Description Roland 2024-07-24 20:06:13 UTC
***
If you're not sure this is actually a bug, instead post about it at https://discuss.kde.org

If you're reporting a crash, attach a backtrace with debug symbols; see https://community.kde.org/Guidelines_and_HOWTOs/Debugging/How_to_create_useful_crash_reports
***

SUMMARY
It seems that if I select an image in a folder (say, a generic collection Im trying to sort/categorize), and I use the 'find similar' option via right-click, the system will include the source file in the result.
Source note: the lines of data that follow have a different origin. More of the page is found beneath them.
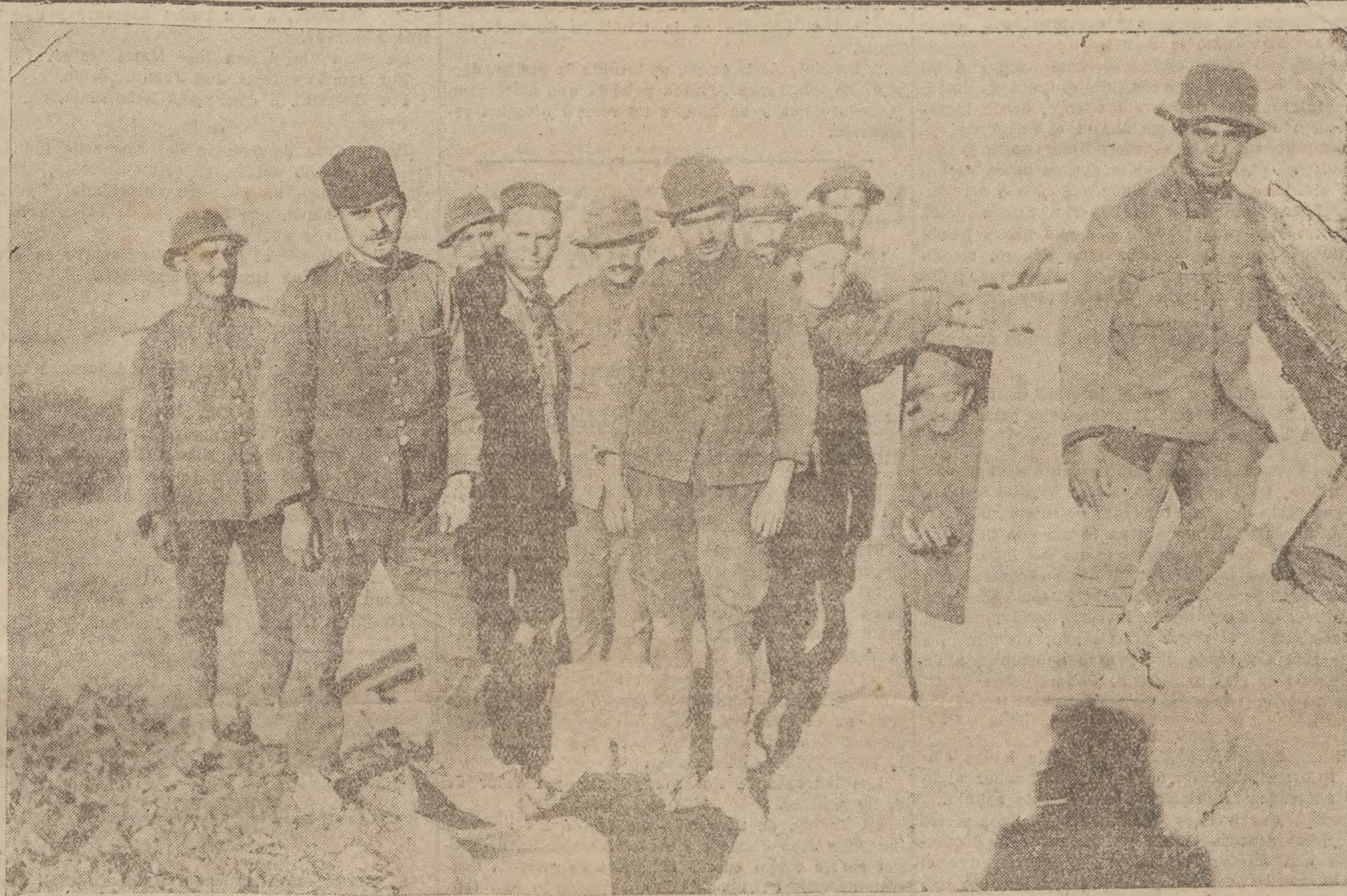
ESCENAS DE CAMPAMENTO. — El segundo batallón de Sicilia en Zoco - en - Arbaa. (De nuestro servicio concertado con "PHOTO-CARTE").

Respecto á que venga la semana próxima el general Berenguer, manifestó que no podía decir ni sí vendría ni si no vendría; y, por último, calificó de infundios las noticias últimamente circuladas, pareciéndole muy bien que con ellas se haya divertido la gente.
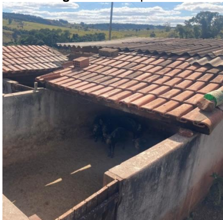
Figura 06: Chiqueiro.
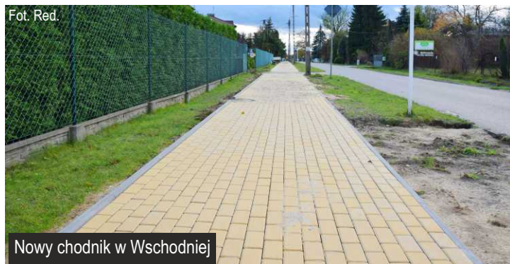
Nowy chodnik w Wschodniej

Przyznane gminie Ksawerów środki w wysokości 336 117,00 zł. pochodzą z Rządowego Funduszu Rozwoju Dróg.
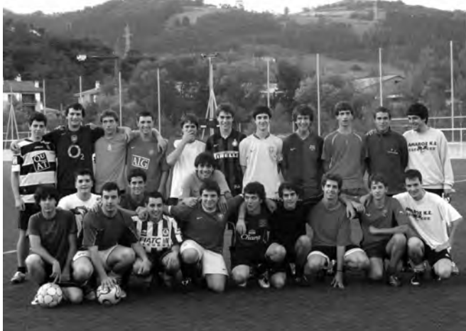
Amarozko jubenilen taldea.
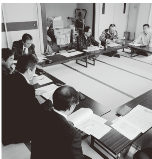
＝膝を交えて議論する参加者＝

新幹線に接続ができず問題になっている。最近では国労にも見習いを付けているが自分ケガをしない、周りにもケガをさせない、仕事のミスはその場で終わらせ、後に引きずらないよう指導している。職場のレクに出来るだけ参加し、若手と話をするように、また
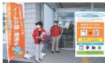
スーパー前で「ノーレジ袋でプラスチックごみ減らし」を呼びかける
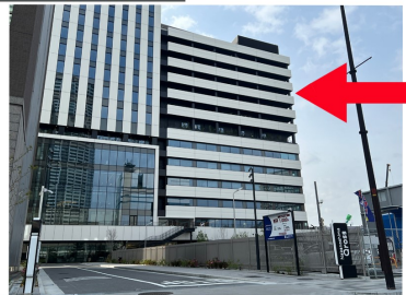
①桜橋渡辺未来医療病院
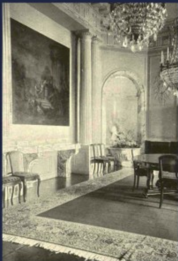
Antoniny - jadalnia
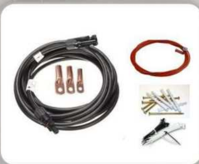
Kabel & Aksesoris
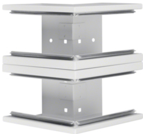
tehalit.BRS Kąt zewnętrzny 100x210 D stal biały
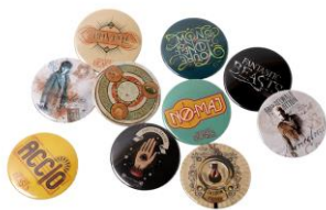
ファンタスティック・ビースト 缶バッジ 価格:各 270~324 円(税込)
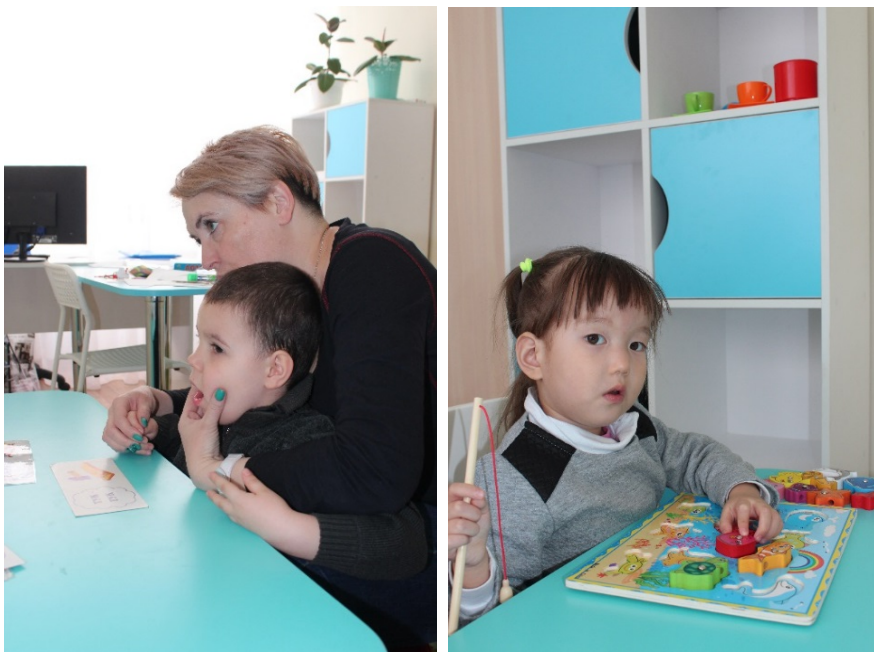
Фото. Занятие с логопедом в КППК г. Темиртау

Кабинет логопеда оснащён персональным компьютером с логопедическим тренажёром «Дельфа», способствующим коррекции речевых нарушений, наборы постановочных и массажных зондов, а также большим количеством дидактического материала и авторских методик коррекции.
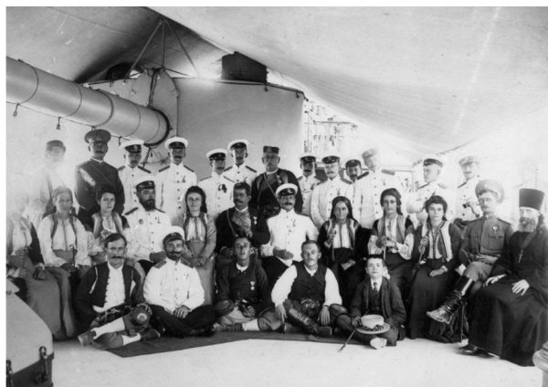
Рис. 6. Прием черногорской делегации на борту крейсера «Адмирал Макаров». У офицеров на левой стороне мундира – Орден Князя Даниила I Fig. 6. Reception of the Montenegrin delegation on board the cruiser Admiral Makarov. The officers have the Order of Prince Daniel I on the left side of their uniforms

Fig. 5. Montenegrin gold medal “For jealousy”. The medal was issued in the “gold” and “silver” versions
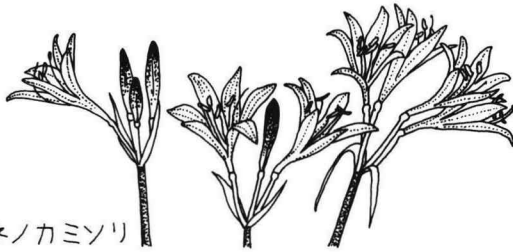
キツネノカミノリ
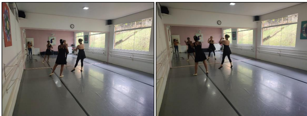
Grupo: Ballet – Osc Espaço Crescer
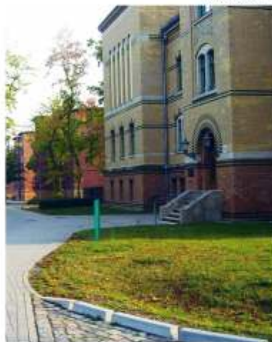
Leipzig - General Olbricht-Kaserne
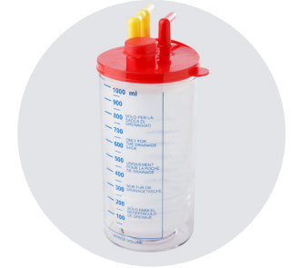
1000cc TEK KULLANIMLIK KAVANÖZ TORBASI DISPOSABLE SUCTION LINER 1000cc
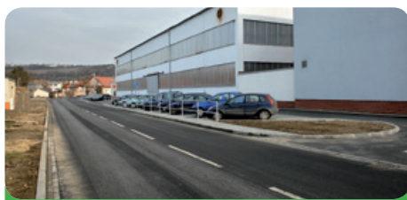
Parkoviště u firmy Elseremo Stage Technology, a.s.
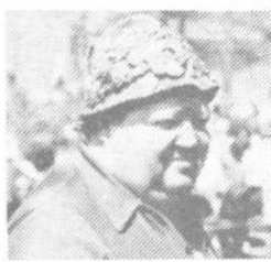
»Nič nimamo proti, če kanec vsega tega veselja ostane tudi za ostale dni.« je sredi najživahnjega tabornega vrveža porekel nek Polhograjec. »Vse te naravne lepote tod okoli so na voljo vsakomur.«

»Blagajana«, čeprav brez večjih izkušenj, je tako vsekakor uspešno prestala svoj test. A tako kot to, prizadevno in vsestransko društvo, bržčas tudi sama turistična ponudba v kraju, ki se vedno pluje v širokem toku neizkoriščenih možnosti.
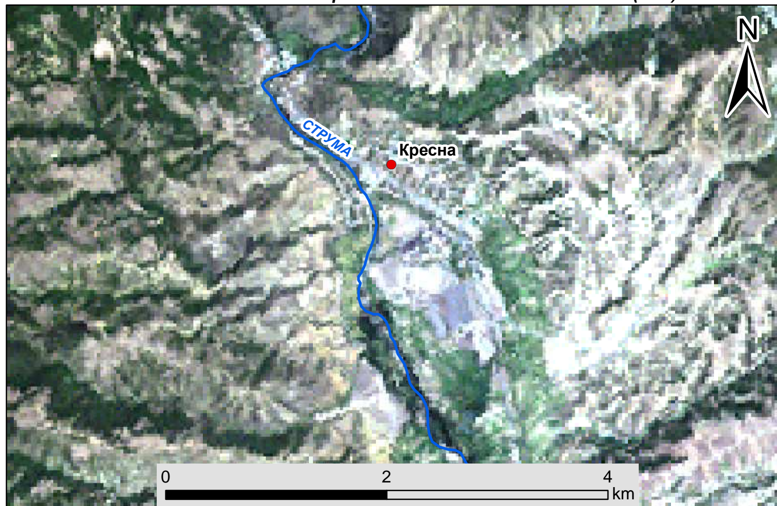
Сътникова снимка на гр. Симитли от спътник Landsat (30м)
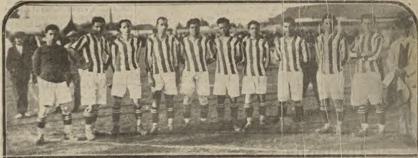
SEVILLA.—El «Real Betis», que ha vencido por tres goals a uno al «Sevilla F. C.».

TELEFONOS APARATOS ACCESORIOS AYALA, núm. 63, fábrica. Teléfono 11-62 S
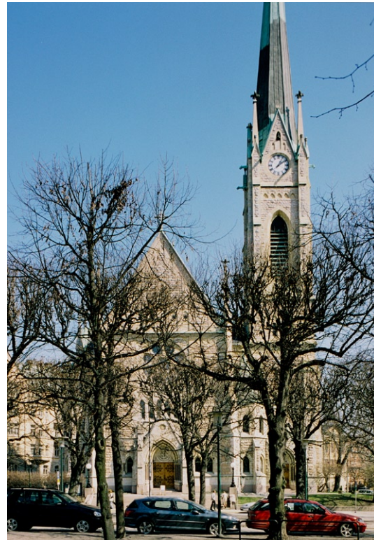
Exteriör från väster.

I fasaden förekommer en rad för gotiken och nygotiken typiska drag som strävpelare , fialer , höga spetsbågiga masverksfönster , vattenkastare i form av långhalsade odjur samt portaler med skulpterade tympanon. I västfasaden markeras huvudentrén med en hög portal med tympanonfält med de fyra evangelistsymbolerna i vit italiensk marmor, däröver ett stort rosettfönster . Portalerna och en del fönster flankeras av kolonner av polerad rödsvart granit från Vånevik i Småland. Portarna av lackad ek har stora dekorativa svarta smidesbeslag. Högt upp i det fyrkantiga tornet finns höga spetsbågeformade
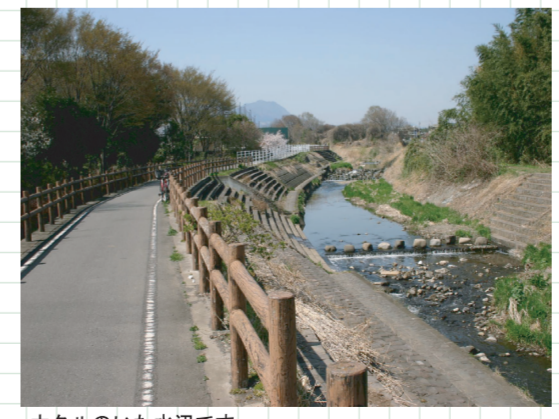
ホタルのいた水辺です。
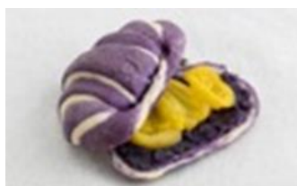
Ube Langka Croissant

Bacolod style chicken inasal, marinated with lemongrass and annatto, sprinkled with cheese and wrapped in a soft tortilla.
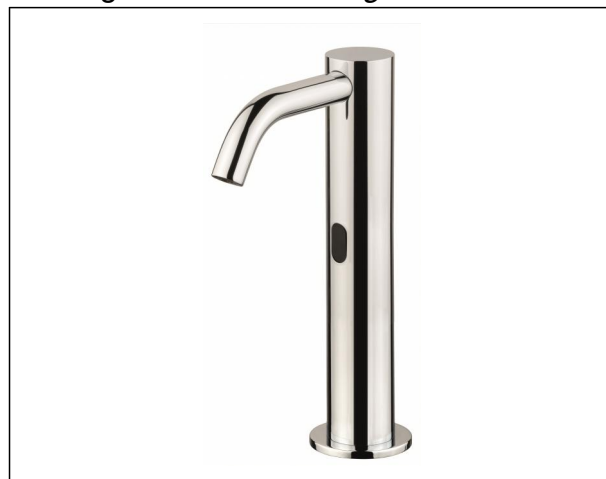
Immagine / Picture / Image
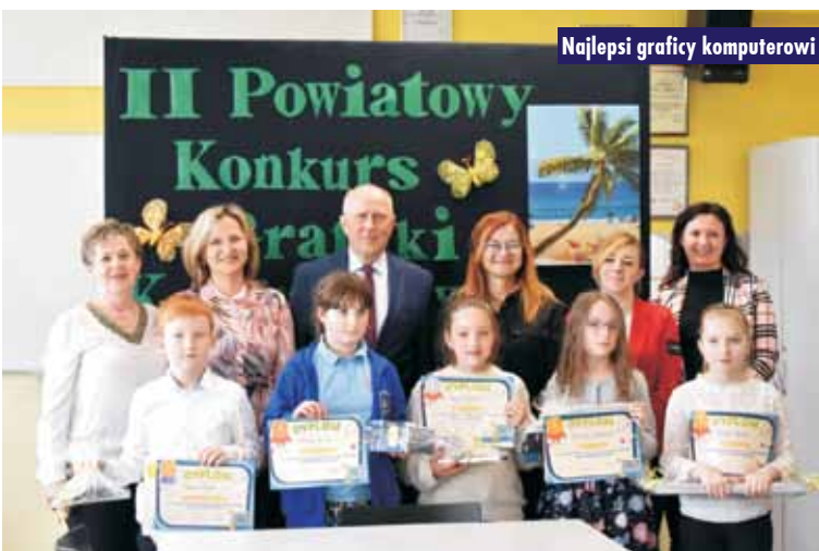
Najlepsi graficy komputerowi

Kongres Wielkopolska Sercem Europejskiej Przedsiębiorczości
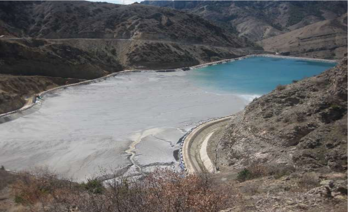
Merkez - Demrikaynak Köyü - Altın Madeni İşletme Sahası - Koza Altın A.Ş.
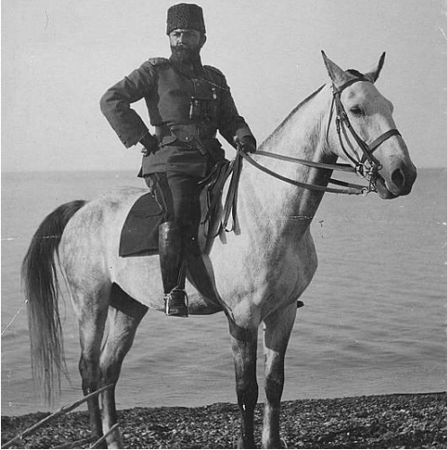
4. Ordu Kumandanı Cemal Paşa

Bundan sonra bütün karargah da Kudüs'e gelecekti. Cemal Paşa'nın Ordular Grubu Karargahını ziyaretinde seyahatinin hedefi hakkında kendisiyle görüşerek o zaman için Suriye'de şüphesiz en nüfuzlu olan bu zatın yardımını temine fırsat ve imkan bulmuştum.
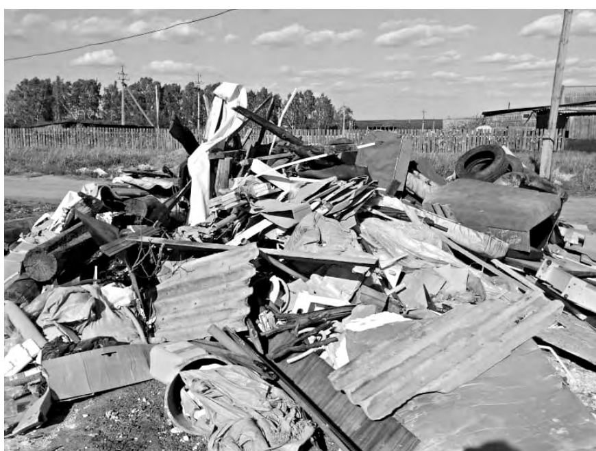
Строительный мусор и другой хлам постоянно складироват на контейнерной площадке в районе улиц Молодёжная и Титова.

Безусловно, если предписание не будет выполнено, одного из нарушителей чистоты и порядка к административной ответственности всё же привлекут за нарушение правил благоустройства территории. Насчёт второго авто, из которого производилась выгрузка крупногабаритных отходов, информации ни от полиции, ни от администрации нет.
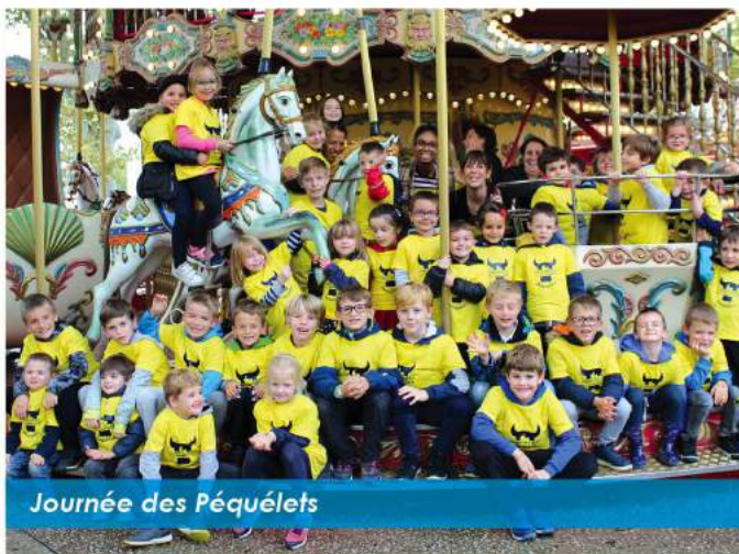
Journée des Péquétets
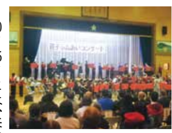
地域が一体となった合同演奏

第14回PTA親子ふれあいコンサートが11月11日、開かれました。長島保育所ばら組による鼓隊演奏、1〜3年生による合唱は、会場の皆さんが笑顔になる愛らしい発表でした。 本校合同団は、本年度の集大成、6年生にとって最後の演奏でした。後半は、本校卒業生を中心とした長島オールスターズの演奏です。今年流行した「アイドル」では、6年生がダンスを披露し、会場のボルテージが一気に上がりました。締めくくりは、4年ぶりとなる合同団との合同演奏で、90人が奏でる圧巻の演奏となりました。世代を超え、地域が一体となって音楽を創造する喜びを味わうことができました。 10月25日には、来年度の入学児童の保護者を対象とする家庭教育学級がありました。元岩手大学非常勤講師の吉田智子さんから「土台を固めて入学の日をこのテーマで、睡眠の重要性について講演いただきました。 午後8時に就寝すること、睡眠中に成長に役立つさまざまなホルモンの分泌がなされるというお話を、ユーモアを交えながら分かりやすく説明していただきました。
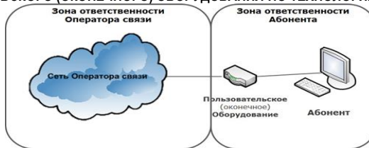
СХЕМА ВКЛЮЧЕНИЯ ПОЛЬЗОВАТЕЛЬСКОГО (ОКОНЕЧНОГО) ОБОРУДОВАНИЯ ПО ТЕХНОЛОГИИ WNGN
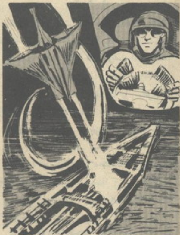
.. ودار بمقاتله الصغرة مناوذاً ، ثم انقض على السفينة المعادية في خطوط متعرجة ..

— هذا يثبت صحة استنتاجك أيها النقيب ، ولكن يجب تدميرها بسرعة ، فشدة المجال تزداد إلى درجة لن يمكن مجالنا العكسي من مواجهتها .
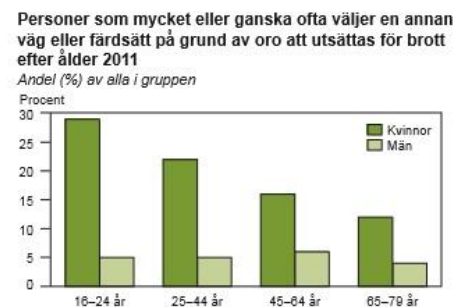
Fig. 3 Statistiska centralbyråns statistik (2012) visar på att fler kvinnor än män på grund av oro att utsättas för brott tar en annan väg.

Enligt Listerborn (2000) är tillgänglighet och orienterbarhet två viktiga utgångspunkter på hur en tryggare stadsmiljö kan skapas. En tillgänglig stadsmiljö innebär enligt henne att underlätta för människor att förflytta sig i staden och delta i det offentliga livet. Vidare säger Listerborn att det ska vara lätt och tryggt att röra sig mellan olika funktioner i samhället genom korta och direkta förbindelser. Hon beskriver att exempelvis trafikstruktur och busshållplatsers placering därför är betydelsefullt. Enligt Listerborn kan det även vara bra med så kallade alternativvägar, vilket innebär att det finns möjlighet att välja en alternativ väg om man är rädd att gå en viss sträcka. Hon argumenterar för att detta är viktigt för att individens rörelsefrihet inte ska begränsas. Enligt Statistiska centralbyråns (2012) statistik (Fig.3) väljer kvinnor i större utsträckning än män en alternativ väg av rädsla för att utsättas för brott, vilket tyder på att det offentliga rummet inte är lika tillgängligt för alla.
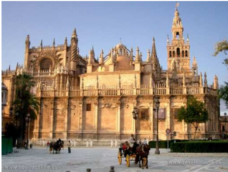
La Cathédrale: majestueuse et de pur style gothique, érigée à la fin du XVème siècle
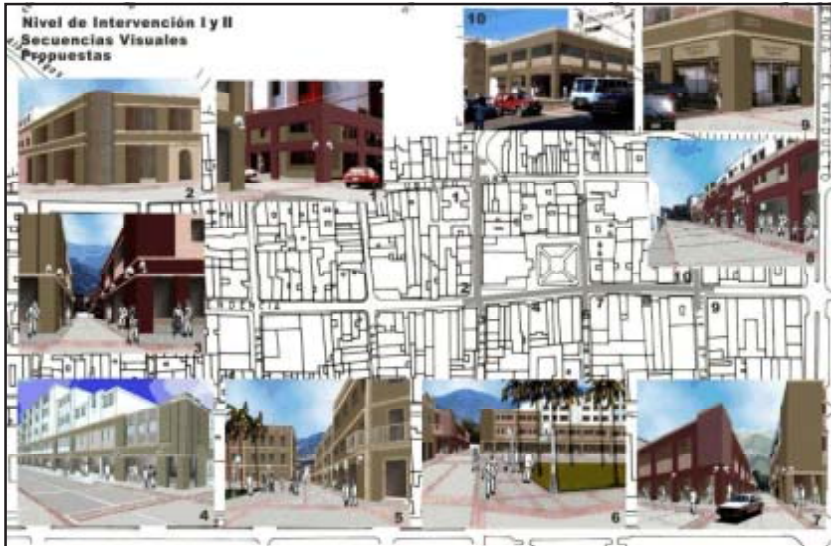
Nivel de Intervención II Secuencias Visuales Propuestas
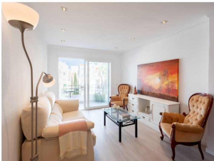
Wohnbereich mit Balkon
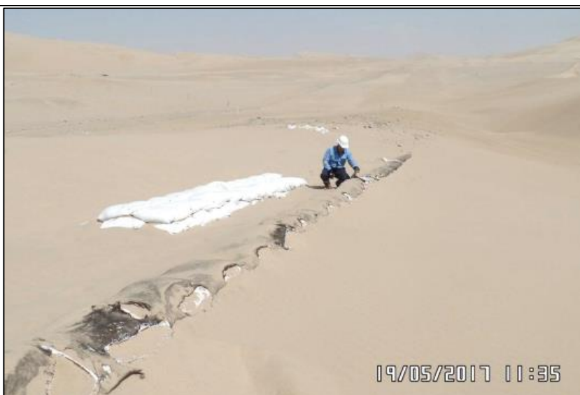
Figura 04: KP 530+977, verificación de la recuperación de tapada con material de la zona.

This could lead to problems where someone may think this is a duplicate and delete etc.

STEPS TO REPRODUCE
1. Select any album where there is an image that is unique
2. Right click (Windows anyway) on the image and select 'find similar'
3.

OBSERVED RESULT
System will move to the Similarity tab, and load the source image in the Image tab. And in some time depending on the number of images in play, it will return to the main search result window the same image that was sourced.  

EXPECTED RESULT
System should not return the source image as a similar image.

SOFTWARE/OS VERSIONS
Windows: 10
macOS: 
Linux/KDE Plasma: 
(available in About System)
KDE Plasma Version: 
KDE Frameworks Version: 
Qt Version: 

ADDITIONAL INFORMATION
Comment 1 Maik Qualmann 2024-07-24 20:15:12 UTC
The search for similar images does not differentiate whether it comes from the internal collection or externally via drag & drop. So you search for a specific image that looks "like this" and it is displayed. You can also drag & drop external images into the image preview of the similarity search. I would actually leave this behavior as it is.

Maik
Comment 2 Maik Qualmann 2024-07-24 21:25:48 UTC
Git commit ef921f043b60cc6b0e0023b3c9a8fb47e6c10deb by Maik Qualmann.
Committed on 24/07/2024 at 21:24.
Pushed by mqualmann into branch 'master'.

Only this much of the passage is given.